Assigned task :: Transcribe exactly the lines from the first line of the records through the line containing "Ceketi Boncuk İşlemeli", and leave out every picture.

Stored data:
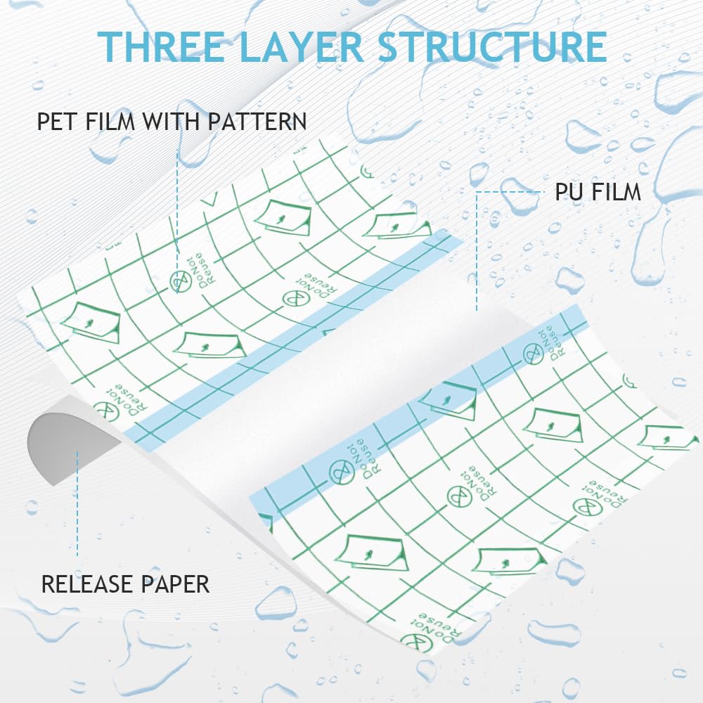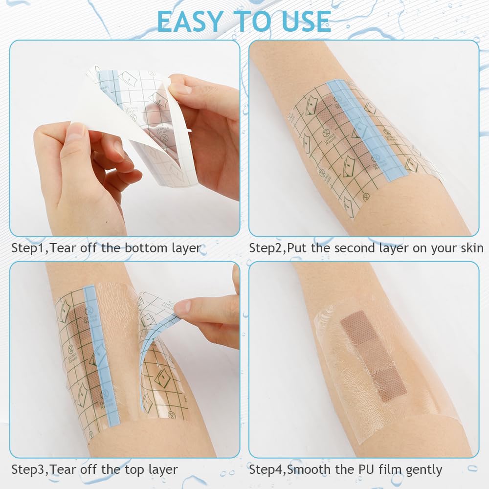 EASY TO USE: Transparent film dressing has three layers, which are composed of PU film, adhesive and release paper, when you use waterproof bandages for wounds, tear off the release paper first, stick the adhesive side on the part you need to stick, then tear off the top layer, and then press gently to fix the position, clear bandages waterproof can not be reused.
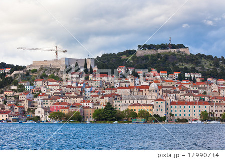Historic city centre of Sibenik, Croatia with St. Michael's Fortress. Adriatic Sea in the background
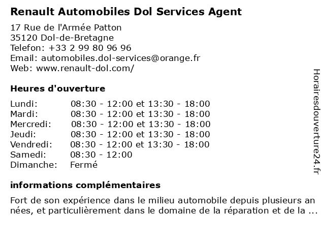 | Lundi | 08:30-12:00 et 13:30-18:00 |
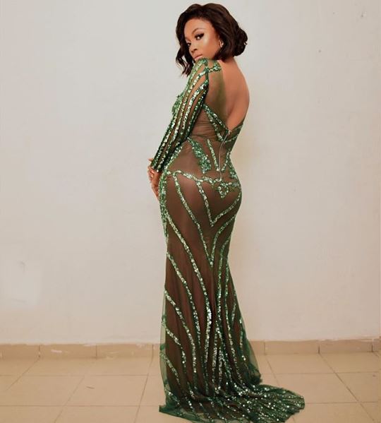 Toke's first dress was a revealing green evening gown with mesh inserts from designer Tope FnR. The dress, which was for the most part, see-through, was a floor length green evening dress with sequin accents. Toke paired it with a wavy bob and natural looking makeup making the dress the star of the look. She posed up a storm with co-host IK Osakioduwa as they prepared to hit the stage.
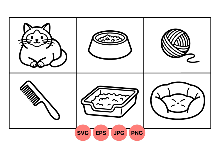 Similar Design Products to Line Art Cat Essentials Clipart For Crafts
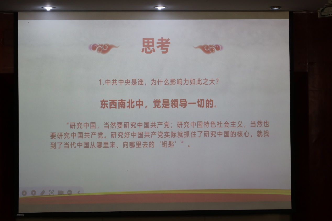 課程伊始,陶恒老師以近期股市暴漲為切入點,突出反映了中國共產(chǎn)黨引領(lǐng)國家經(jīng)濟發(fā)展的強勁動力,體現(xiàn)了中國共產(chǎn)黨把握經(jīng)濟發(fā)展大局、引領(lǐng)市場方向上的高瞻遠矚。隨后,他對一系列具體事例進行分析,強調(diào)我國的大政方針都與黨同呼吸共命運,突出了黨的重要性,并指出我們應(yīng)當(dāng)堅決擁護黨的領(lǐng)導(dǎo),為實現(xiàn)中華民族偉大復(fù)興的中國夢而努力奮斗。
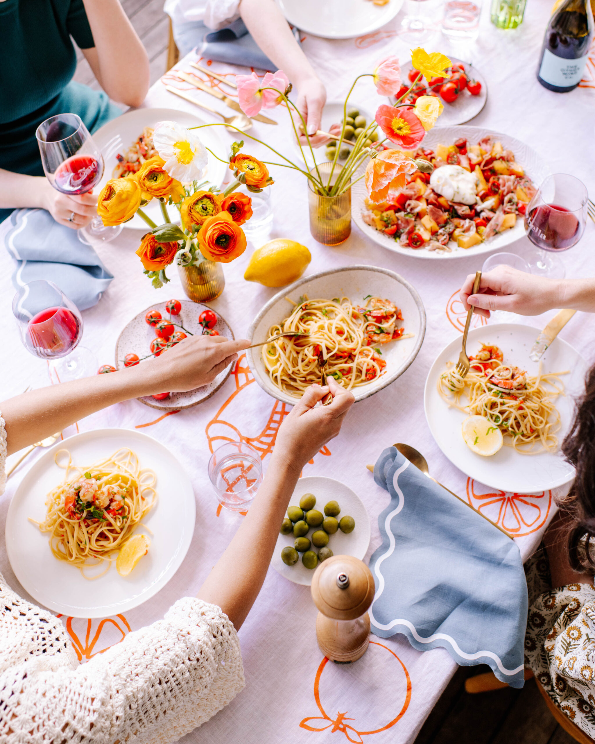 Every year I tell myself I’m going to host a lunch for my birthday, and I finally got around to it this year. I decided to make it Italian themed – wine, pasta and seafood. I decided to create a whole bunch of decor to match. Using my Cricut of course! I made a tablecloth, napkins and etched the glassware, and topped that off with yummy food that Ben very kindly made for us. Lots of you wanted to know more about the tablecloth, and luckily I chronicled the whole process while I was making it so I could share it here. Read on for how I did it.
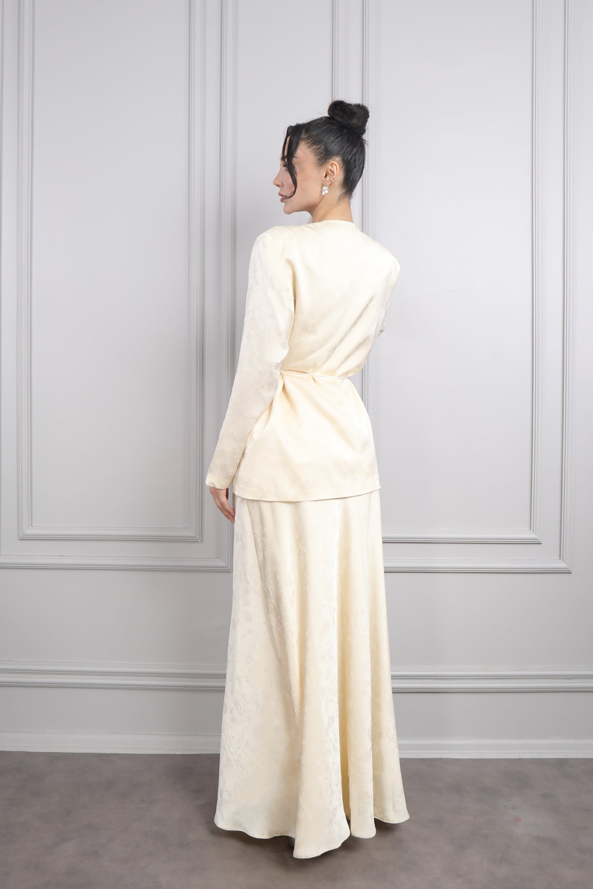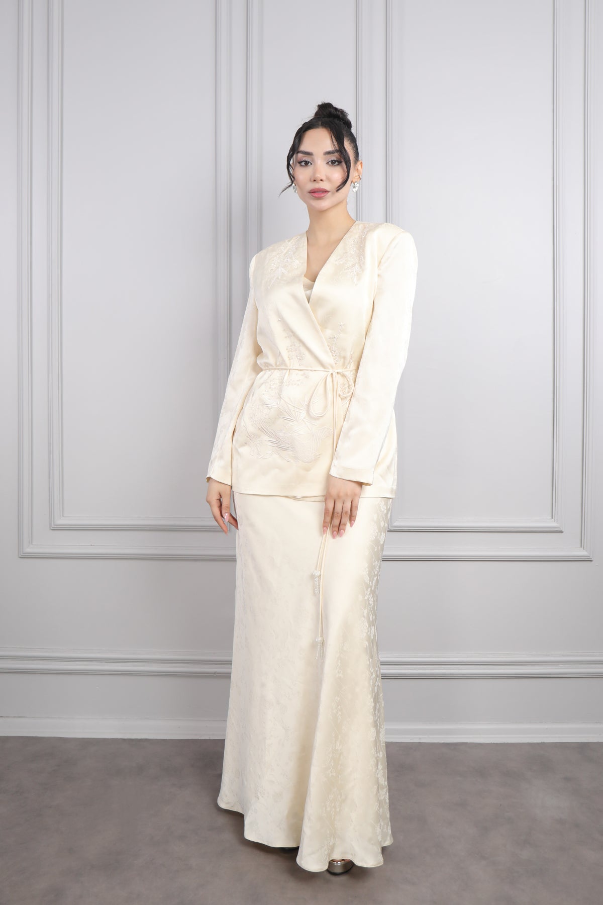 Ceketi Boncuk İşlemeli Desenli Beli Kuşaklı Saten Etek Takım Ekru
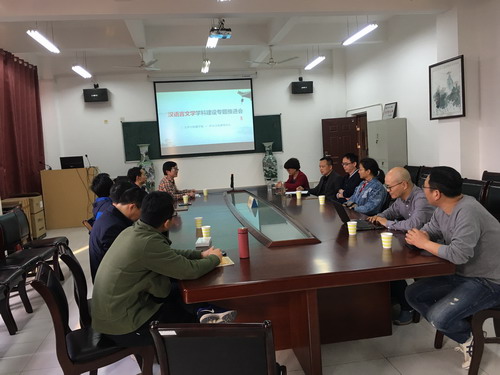 会上,参加会议的部分教师进行了热烈地讨论,分别就汉语言文学学科建设以及两部门之间的合作发表了自己的看法。通过本次专题推进会,汉语言文学学科建设中的任务得到分解,工作重点进一步得到明确,工作步骤得到细化,必将使汉语言文学学科建设迈入发展的快车道。

Solved problem ::
 EASY TO USE: Transparent film dressing has three layers, which are composed of PU film, adhesive and release paper, when you use waterproof bandages for wounds, tear off the release paper first, stick the adhesive side on the part you need to stick, then tear off the top layer, and then press gently to fix the position, clear bandages waterproof can not be reused.
Historic city centre of Sibenik, Croatia with St. Michael's Fortress. Adriatic Sea in the background
 | Lundi | 08:30-12:00 et 13:30-18:00 |
 Toke's first dress was a revealing green evening gown with mesh inserts from designer Tope FnR. The dress, which was for the most part, see-through, was a floor length green evening dress with sequin accents. Toke paired it with a wavy bob and natural looking makeup making the dress the star of the look. She posed up a storm with co-host IK Osakioduwa as they prepared to hit the stage.
 Similar Design Products to Line Art Cat Essentials Clipart For Crafts
 課程伊始,陶恒老師以近期股市暴漲為切入點,突出反映了中國共產(chǎn)黨引領(lǐng)國家經(jīng)濟發(fā)展的強勁動力,體現(xiàn)了中國共產(chǎn)黨把握經(jīng)濟發(fā)展大局、引領(lǐng)市場方向上的高瞻遠矚。隨后,他對一系列具體事例進行分析,強調(diào)我國的大政方針都與黨同呼吸共命運,突出了黨的重要性,并指出我們應(yīng)當(dāng)堅決擁護黨的領(lǐng)導(dǎo),為實現(xiàn)中華民族偉大復(fù)興的中國夢而努力奮斗。
 Every year I tell myself I’m going to host a lunch for my birthday, and I finally got around to it this year. I decided to make it Italian themed – wine, pasta and seafood. I decided to create a whole bunch of decor to match. Using my Cricut of course! I made a tablecloth, napkins and etched the glassware, and topped that off with yummy food that Ben very kindly made for us. Lots of you wanted to know more about the tablecloth, and luckily I chronicled the whole process while I was making it so I could share it here. Read on for how I did it.
 Ceketi Boncuk İşlemeli Desenli Beli Kuşaklı Saten Etek Takım Ekru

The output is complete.